Metadata that narrows the search scope and "saying you don''t know when you don''t know" instructions were decisive in increasing user trust.

Executive Execution Summary

Item	Execution Criteria
Preprocessing	Recursive Splitting based on Markdown.
Metadata	Include title, category, and chunk summary.
Prompt Instructions	"Ignore unrelated info" and "State source document number" are mandatory.
Search Optimization	Combination of Hybrid Vector Search + Re-ranking.
Quality Maintenance	Analyze 20 failed questions weekly and perform Data Curation.

Frequently Asked Questions (FAQ)

Q1. Won''t information loss be high if the chunk size is large?▾

If the chunk size is too large, it contains a lot of noise unrelated to the question, causing the model to lose focus.
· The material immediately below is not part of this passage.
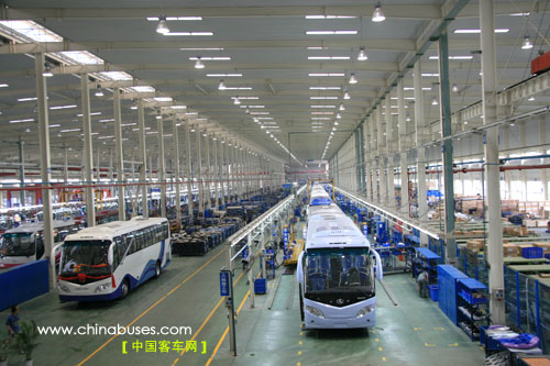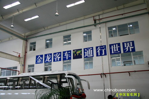 從生產(chǎn)車間的墻上一句"金龍客車,通行世界!"的廣告語,已讓我們看見了中國客車國際競爭力的希望以及大金龍走向世界的決心
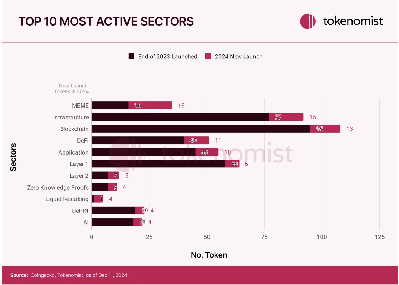 与更广泛的山寨币市场形成对比,一个领域的表现显著超过了其同行:Memecoin。这个领域在2024年展示了非凡的增长,实现了年初至今536%的回报——这一表现分别超过了比特币和以太坊177%和300%。值得注意的是,今年发行的市值前54个代币中,有19个是Memecoin。

Also, prompts get longer and more expensive. Information loss should be solved with "Overlap" and "Semantic Chunking."

Q2. What is the most important thing to watch out for in RAG for non-English languages?▾

Due to linguistic characteristics like word endings and particles, embedding search based on meaning is advantageous over simple keyword search. However, since vector search might miss proper nouns or specialized terms (e.g., product names), "Hybrid Search" mixing keyword and vector search is recommended.

Q3. Do I have to use a paid model for the re-ranking model?▾

No. There are many excellent open-source models like BGE-Reranker. If you run it on a local server, you can greatly increase performance without the burden of cost.